Start of Collected material

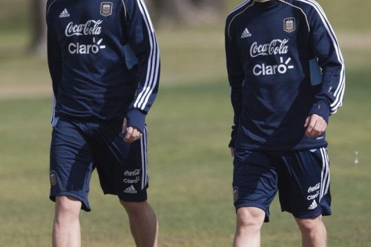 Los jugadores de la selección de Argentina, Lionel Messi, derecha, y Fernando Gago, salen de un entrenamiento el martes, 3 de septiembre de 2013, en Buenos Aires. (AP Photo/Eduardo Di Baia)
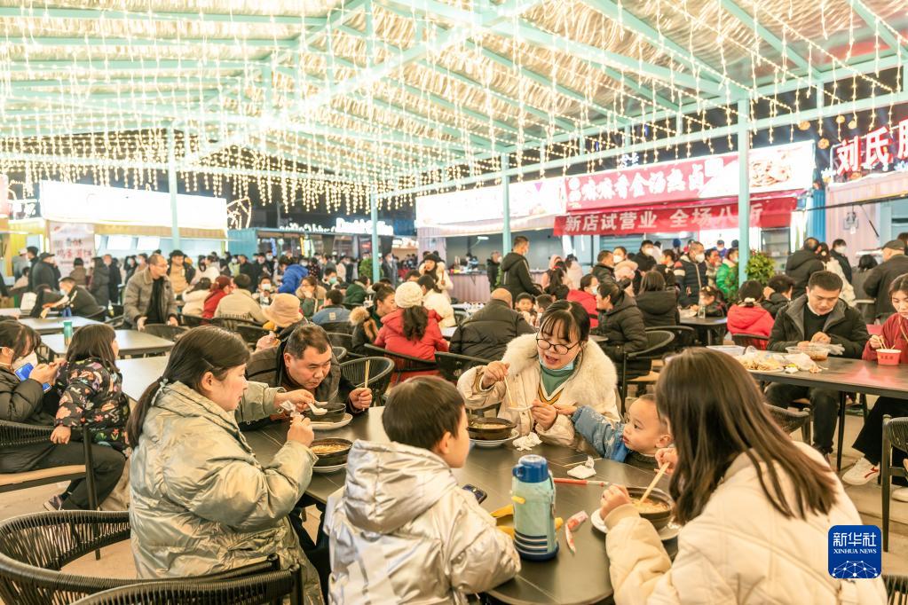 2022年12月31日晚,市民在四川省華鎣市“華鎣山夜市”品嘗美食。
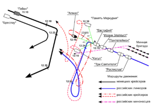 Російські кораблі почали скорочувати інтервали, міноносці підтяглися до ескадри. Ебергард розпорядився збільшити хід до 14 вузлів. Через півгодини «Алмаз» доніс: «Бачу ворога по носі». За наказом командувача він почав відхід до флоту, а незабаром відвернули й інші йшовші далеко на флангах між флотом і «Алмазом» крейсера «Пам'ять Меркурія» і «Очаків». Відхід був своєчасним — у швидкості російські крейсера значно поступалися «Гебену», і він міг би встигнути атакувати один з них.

End of Collected material

Without any pictures, print the whole listing again exactly as it stands.

▸ Solution for this exercise
 Los jugadores de la selección de Argentina, Lionel Messi, derecha, y Fernando Gago, salen de un entrenamiento el martes, 3 de septiembre de 2013, en Buenos Aires. (AP Photo/Eduardo Di Baia)
 2022年12月31日晚,市民在四川省華鎣市“華鎣山夜市”品嘗美食。
 Російські кораблі почали скорочувати інтервали, міноносці підтяглися до ескадри. Ебергард розпорядився збільшити хід до 14 вузлів. Через півгодини «Алмаз» доніс: «Бачу ворога по носі». За наказом командувача він почав відхід до флоту, а незабаром відвернули й інші йшовші далеко на флангах між флотом і «Алмазом» крейсера «Пам'ять Меркурія» і «Очаків». Відхід був своєчасним — у швидкості російські крейсера значно поступалися «Гебену», і він міг би встигнути атакувати один з них.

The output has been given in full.